### Dataset entries

⁂

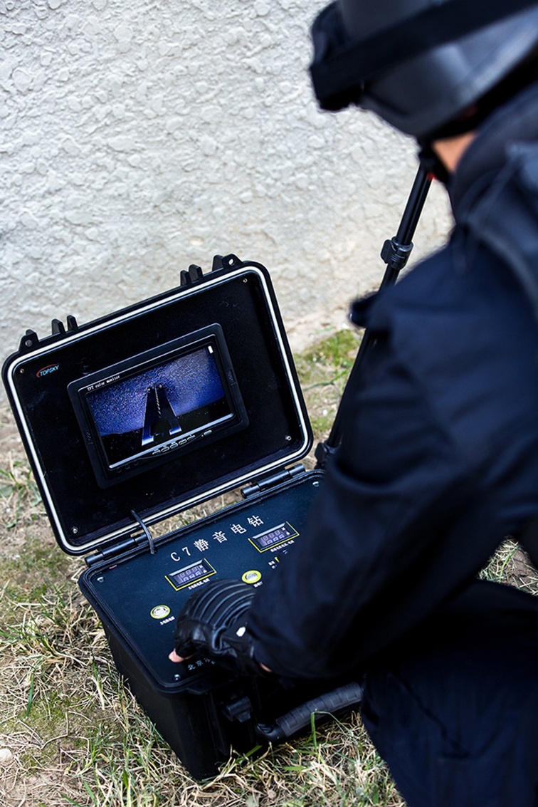 整套完整的系統(tǒng)裝在一個(gè)攜帶箱內(nèi),可以迅速安裝設(shè)置,操作簡(jiǎn)便。在反恐行動(dòng)中,對(duì)房間內(nèi)部情況的了解至關(guān)重要。靜音電鉆可以在不被犯罪分子察覺的情況下在墻上鉆孔,然后伸入蛇眼探頭觀察房間內(nèi)部狀況。
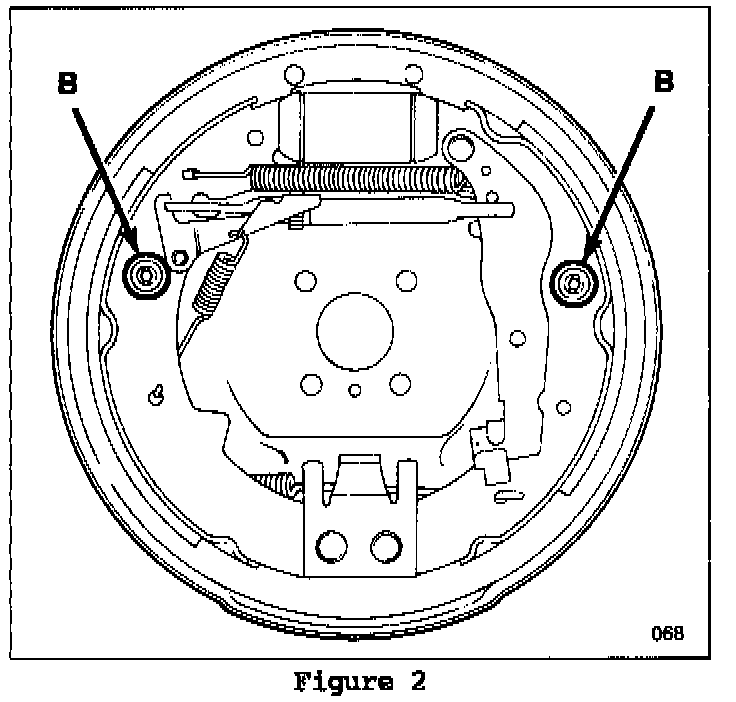 3. Remove brake shoe holddown springs (B) (Figure 2). Allow the brake shoes to move away from the backing plate to gain clearance for cleaning and silencer pad installation.
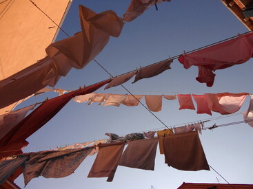Recarsi da eco-fresh con una quantità di mutande, di magliette bianche t-shirt e maglie a colori in cotone pesante con le maniche lunghe, di calzini, di pantaloni da uomo e da donna, di corpetti, di lenzuola da casa e da barca multicolori, di felpe rosse, più un fazzoletto, vuol dire godersi per un’oretta e mezza, compresa pausa caffè e completamento della lettura dei giornali, la bella giornata di luglio, e la vita nonostante tutto. E capire che i momenti di felicità non sono mai trascurabili, anche quando si dissimulino per tali. L’asciugatura è il momento magico e finale, la purificazione ipnotica di ogni stato d’animo nerastro, di ogni sospetto sull’esistenza e la società, e persino dei dubbi che signorilmente si farà in modo di coltivare sulla propria anima. Nel grande oblò, a mano a mano che Eolo soffia a 60 gradi di calore l’energia risanatrice dell’umido che solum è sua, indumenti e biancheria prendono a rincorrersi in senso orario, pausa, in senso antiorario, e si gonfiano e si mescolano, e ruotano e vorticano felici di ritrovare equilibrio termico e natura originaria, e tu te ne stai lì pieno di pensieri svaniti, vuoto di preoccupazioni attuali, in preda a un deliquio visivo e mitico cui seguirà il piacere tattile, quando the end sarà scritto nei display che contano i minuti, del materiale ritrovato, altro che il tempo, e della sua nuova piegatura perché sia riposto in sacchetti e borse. Due giovani donne belle e benintenzionate, che sono state con me all’occasione, due clienti fresche della lavanderia, credo parenti del farmacista Homais, mi hanno un po’ rimproverato perché è meglio, dicevano, asciugare con il sole, e appendere con le belle mollette che pure avevo comprato previdente, perché così si risparmia energia sfruttando l’astro. Ho subito messo cinquanta centesimi in più, come supplemento di tempo asciugatore, e ho pensato che il bucato tecnologico è perfino più bello del sole.
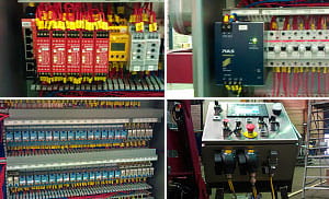 Kübler pulsgivare, Molex M12-kablage, Bernstein Alukapsling, Harting standarddon, Harting Ethernet, Auer panelsummer och panellampa, Puls spänningsaggregat, Releco-relän samt Allen Bradley säkerhetsrelän.
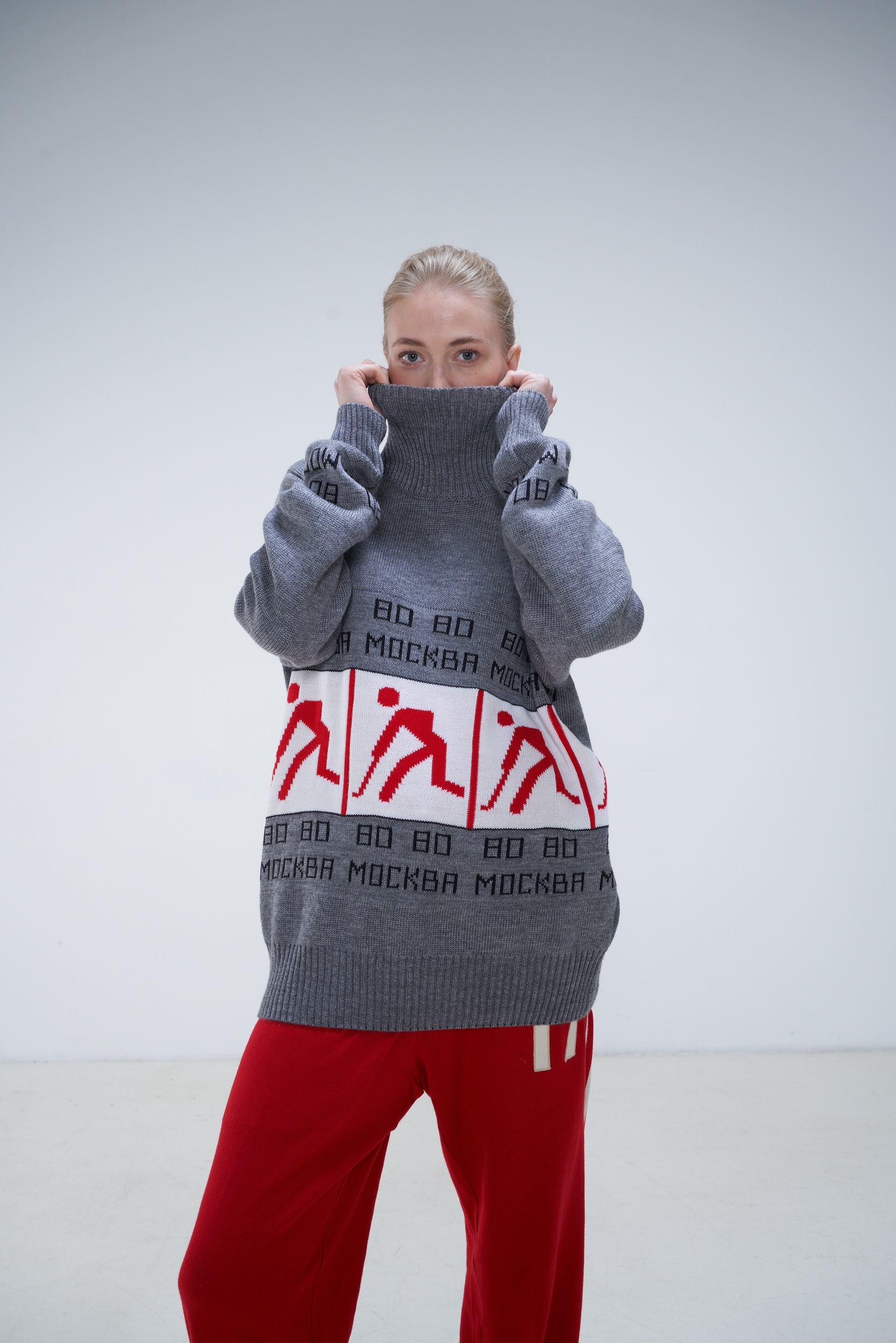 OLOVO high neck sweater is made of high quality wool and acrylic blend. The model is inspired by the XXII Summer Olympics 1980 held in Moscow. The ornament uses the original design of 1980, which symbolizes  field hockey. The tournament was held at the Minor arena of "Dinamo" stadium, as well as the stadium of Young Pioneers in Moscow, and for the first time at the Olympics played women's teams. The Soviet athletes won two bronze medals in this discipline.

⁂

### Instructions to follow
The full material above must be output verbatim, minus any pictures.

### Your response
 整套完整的系統(tǒng)裝在一個(gè)攜帶箱內(nèi),可以迅速安裝設(shè)置,操作簡(jiǎn)便。在反恐行動(dòng)中,對(duì)房間內(nèi)部情況的了解至關(guān)重要。靜音電鉆可以在不被犯罪分子察覺的情況下在墻上鉆孔,然后伸入蛇眼探頭觀察房間內(nèi)部狀況。
 3. Remove brake shoe holddown springs (B) (Figure 2). Allow the brake shoes to move away from the backing plate to gain clearance for cleaning and silencer pad installation.
Recarsi da eco-fresh con una quantità di mutande, di magliette bianche t-shirt e maglie a colori in cotone pesante con le maniche lunghe, di calzini, di pantaloni da uomo e da donna, di corpetti, di lenzuola da casa e da barca multicolori, di felpe rosse, più un fazzoletto, vuol dire godersi per un’oretta e mezza, compresa pausa caffè e completamento della lettura dei giornali, la bella giornata di luglio, e la vita nonostante tutto. E capire che i momenti di felicità non sono mai trascurabili, anche quando si dissimulino per tali. L’asciugatura è il momento magico e finale, la purificazione ipnotica di ogni stato d’animo nerastro, di ogni sospetto sull’esistenza e la società, e persino dei dubbi che signorilmente si farà in modo di coltivare sulla propria anima. Nel grande oblò, a mano a mano che Eolo soffia a 60 gradi di calore l’energia risanatrice dell’umido che solum è sua, indumenti e biancheria prendono a rincorrersi in senso orario, pausa, in senso antiorario, e si gonfiano e si mescolano, e ruotano e vorticano felici di ritrovare equilibrio termico e natura originaria, e tu te ne stai lì pieno di pensieri svaniti, vuoto di preoccupazioni attuali, in preda a un deliquio visivo e mitico cui seguirà il piacere tattile, quando the end sarà scritto nei display che contano i minuti, del materiale ritrovato, altro che il tempo, e della sua nuova piegatura perché sia riposto in sacchetti e borse. Due giovani donne belle e benintenzionate, che sono state con me all’occasione, due clienti fresche della lavanderia, credo parenti del farmacista Homais, mi hanno un po’ rimproverato perché è meglio, dicevano, asciugare con il sole, e appendere con le belle mollette che pure avevo comprato previdente, perché così si risparmia energia sfruttando l’astro. Ho subito messo cinquanta centesimi in più, come supplemento di tempo asciugatore, e ho pensato che il bucato tecnologico è perfino più bello del sole.
 Kübler pulsgivare, Molex M12-kablage, Bernstein Alukapsling, Harting standarddon, Harting Ethernet, Auer panelsummer och panellampa, Puls spänningsaggregat, Releco-relän samt Allen Bradley säkerhetsrelän.
 OLOVO high neck sweater is made of high quality wool and acrylic blend. The model is inspired by the XXII Summer Olympics 1980 held in Moscow. The ornament uses the original design of 1980, which symbolizes  field hockey. The tournament was held at the Minor arena of "Dinamo" stadium, as well as the stadium of Young Pioneers in Moscow, and for the first time at the Olympics played women's teams. The Soviet athletes won two bronze medals in this discipline.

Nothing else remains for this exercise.